Tandis que déjà, le second numéro de Génération(s) est gaiement distribué en Péniche, les étudiants semblent accepter machinalement un numéro comme ils récupéreraient un tract militant classique. Est-il évident que les étudiants aient envie de se plonger dans la lecture d’un journal syndical ? Il faut garder à l’esprit que Générations(s) reste un journal engagé. Cela demande aux lecteurs l’effort d’une lecture critique, face à des articles plus ou moins objectifs. D’ailleurs, si le rédacteur en chef de Génération (s) insiste particulièrement sur le contenu approfondi du journal, il ajoute pourtant que « ce travail d’information sur le long terme, doit permettre aux lecteurs d’y gagner en conviction ». Il revient maintenant à l’UNEF de savoir susciter l’intérêt de tous les étudiants sans sombrer dans le prosélytisme primaire, notamment en cette période d’élections du CROUS! Tout cela, en parvenant bien sûr à assurer la pérennité financière du journal. Mais pour l’instant, c’est bien parti.

10 Comments

  • Wait...

    Mais merci, bien sur que le journalisme d’opinion existe, encore heureux. Mais la on parle de publication militante. Dans les gazettes et newsletters des partis politiques il y a aussi des textes joliment écrits, est-ce que cela en fait pour autant du journalisme? Non. La gazette de l’Unef qui se fait appeler journal n’en est pas plus. Même si je reconnais et apprécie l’effort de l’Unef pour mettre en avant son action, il est bien osé de parler de journalisme à propos de ce feuillet.

  • ... for it

    @Wait… : faut-il te rappeler que la presse écrite a commencé et a prospéré comme une presse partisane ? Suivant ton propos, on en tirerait donc la leçon que jusqu’à l’après-WWII la France n’a pas connu de journalisme… L’erreur c’est de croire que les journaux « indépendants » ne sont pas eux-mêmes les vecteurs d’opinions politiques et d’idéologie, pas l’inverse. Au moins, avec Générations, on sait à quoi s’en tenir, chacun est toujours libre de se faire son opinion après lecture – d’articles très bien documentés et intelligents, par ailleurs !

  • IVV revient

    « 

    Dans ce cas là, le petit magazine de présentation de Sciences Po réalisé par la direction de la communication, contenant des interviews et des textes, c’est du journalisme? »

    Si on considère lapeniche.net comme du journalisme, alors oui, le petite magazine de la direction l’est aussi. Certes, le journal de la direction de la com de sciences po empiète allègrement sur le créneau de la peniche.net pourrez vous me répondre…

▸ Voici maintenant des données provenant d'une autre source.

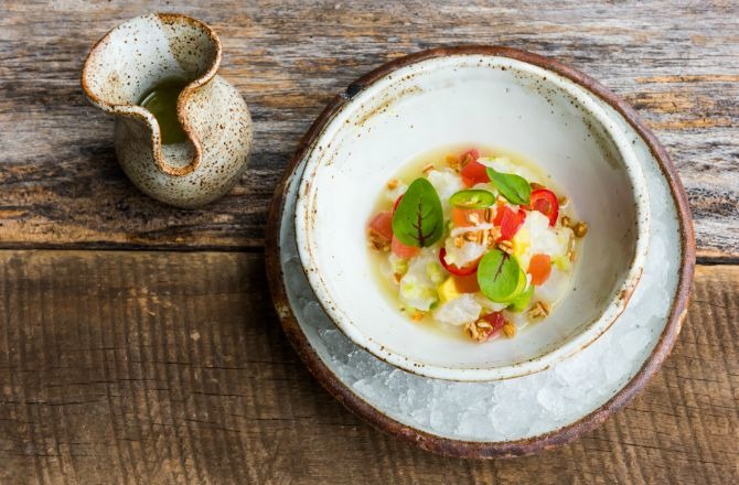 - Combine the diced halibut with the basil, shallots, cucumber, jalapeño, and avocado. Toss in the ceviche vinaigrette to marinate. Plate in a chilled dish and garnish with the chiles, hearts on fire, puffed rice, and petals. Finish with salt and pepper to taste and the citrus vinaigrette at the table.

    Ah et au fait lapeniche.net, vous avez entendu parler de l’AG des personnels de pipo et de leur lettre ouverte demandant la démission des têtes de sciences po? on se permet de vous souffler l’info, il parait que cette rubrique s’appelle « actualité de sciences po », ca pourrait peut-être rentrer dedans !

  • Wait...

    Donc selon toi nr, il suffit d’écrire un texte de bonne qualité et de nommer ce texte « article » pour faire du journalisme?

    Dans ce cas là, le petit magazine de présentation de Sciences Po réalisé par la direction de la communication, contenant des interviews et des textes, c’est du journalisme?

  • nr

    Si on refuse de croire que les journalistes ont des opinions… Effectivement celle de Génération(s) est au moins assumée. Ca n’en retire rien à la qualité du contenu, comme le souligne l’article !

  • Wait...

    Peut-on vraiment parler de journalisme à propos d’une publication militante, au partisanisme revendiqué qui plus est?

  • Antoine de Cabanes

    Très bon article, bien documenté ! Par contre c’est dommage que quand on parle de la presse étudiante à sciences po, on oublie Rive Gauche, le journal du Front de Gauche Sciences Po qui sort tous les mois ou tous les deux mois depuis plus d’un an et est aujourd’hui le seul journal politique de Sciences Po …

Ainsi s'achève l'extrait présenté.